B.Â. Admettons que le fondateur ait réellement la volonté de céder son entreprise à ses enfants. Comment s’effectue la transmission?
G.L. Il faut établir un plan de transmission, fondamental à la réussite de l’opération. Ce plan comptera plusieurs étapes.

  • Faire le diagnostic de la situation. Quels sont les besoins du fondateur? Quelle est la capacité de l’entreprise? Quel est le point de vue des enfants ?
  • Convoquer un conseil de famille. On y abordera les questions capitales. Que veut-on faire avec l’entreprise? La faire croître ou la laisser sur son erre d’aller? Quelle personne est la plus apte à assurer la relève? Le conseil de famille a le devoir de confirmer qu’il existe une vision commune de l’avenir en ce qui concerne l’entreprise, et qu’il s’est mis d’accord sur le partage des responsabilités.
  • Dresser le plan de relève. On y déterminera, entre autres choses, qui dirigera l’entreprise.
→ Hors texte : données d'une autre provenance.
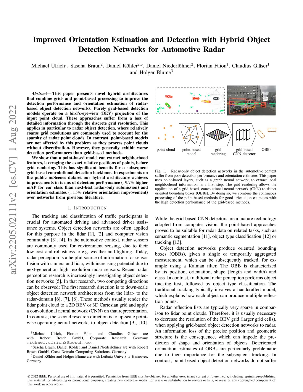 This paper presents novel hybrid architectures that combine grid- and point-based processing to improve the detection performance and orientation estimation of radar-based object detection networks. Purely grid-based detection models operate on a bird's-eye-view (BEV) projection of the input point cloud. These approaches suffer from a loss of detailed information through the discrete grid resolution. This applies in particular to radar object detection, where relatively coarse grid resolutions are commonly used to account for the sparsity of radar point clouds. In contrast, point-based models are not affected by this problem as they process point clouds without discretization. However, they generally exhibit worse detection performances than grid-based methods. We show that a point-based model can extract neighborhood features, leveraging the exact relative positions of points, before grid rendering. This has significant benefits for a subsequent grid-based convolutional detection backbone. In experiments on the public nuScenes dataset our hybrid architecture achieves improvements in terms of detection performance (19.7% higher mAP for car class than next-best radar-only submission) and orientation estimates (11.5% relative orientation improvement) over networks from previous literature.
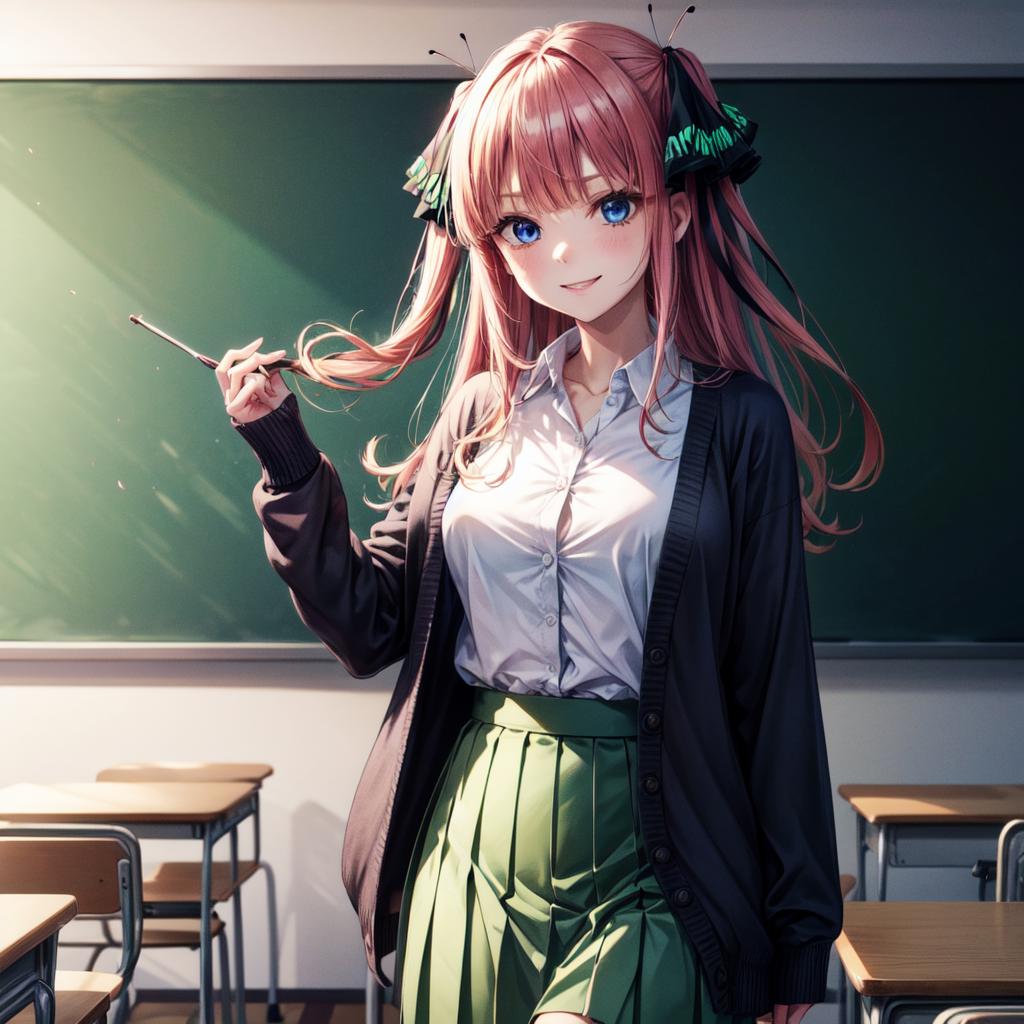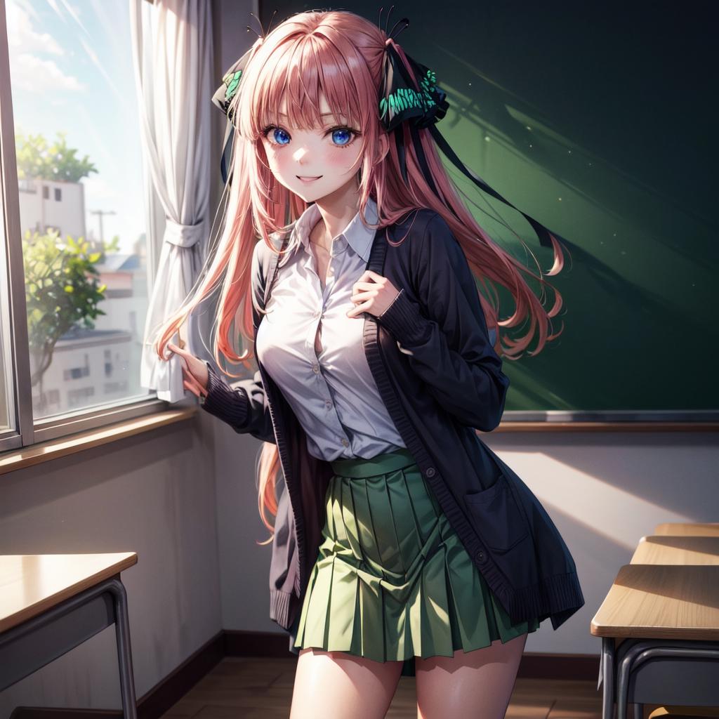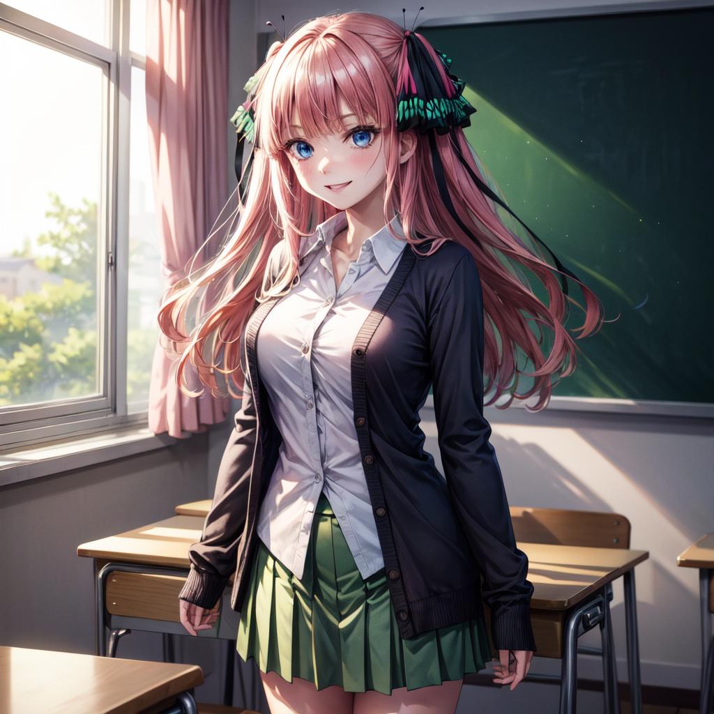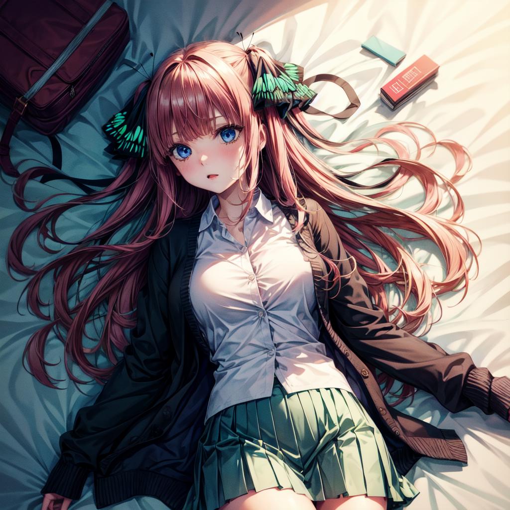 <lora:Nino Nakano_2:0.6>, nino nakano, long hair, bangs, blue eyes, hair ornament, hair ribbon, pink hair, blunt bangs, two side up, butterfly hair ornament,

C’est à cette étape que l’on évaluera la compétence des candidats, y compris – et surtout — les membres de la famille intéressés à occuper un poste clé. Au besoin, on peut faire appel à des experts en ressources humaines. Le plan de relève doit également définir comment s’exercera le contrôle de l’entreprise. N’oublions pas que, durant la transition, le fondateur demeure la plupart du temps l’actionnaire majoritaire.
  • Régler les aspects légaux, comptables et financiers.
  • Faire approuver le plan de transition par le conseil de famille, le conseil d’administration et le comité de direction.


B.Â.
Combien de temps faut-il pour franchir toutes ces étapes ?
G.L. Cela dépend de la situation. De quelques mois jusqu’à 10 ans, dans certains cas! Chose certaine, si le fondateur exprime sa volonté de vendre à la dernière minute, ou si les enfants manifestent leur intérêt sur le tard alors que l’on s’apprête à céder l’entreprise à une tierce partie, cela complique singulièrement les choses. Une transmission mal préparée peut avoir des conséquences sur la survie de l’entreprise et ébranler l’unité familiale.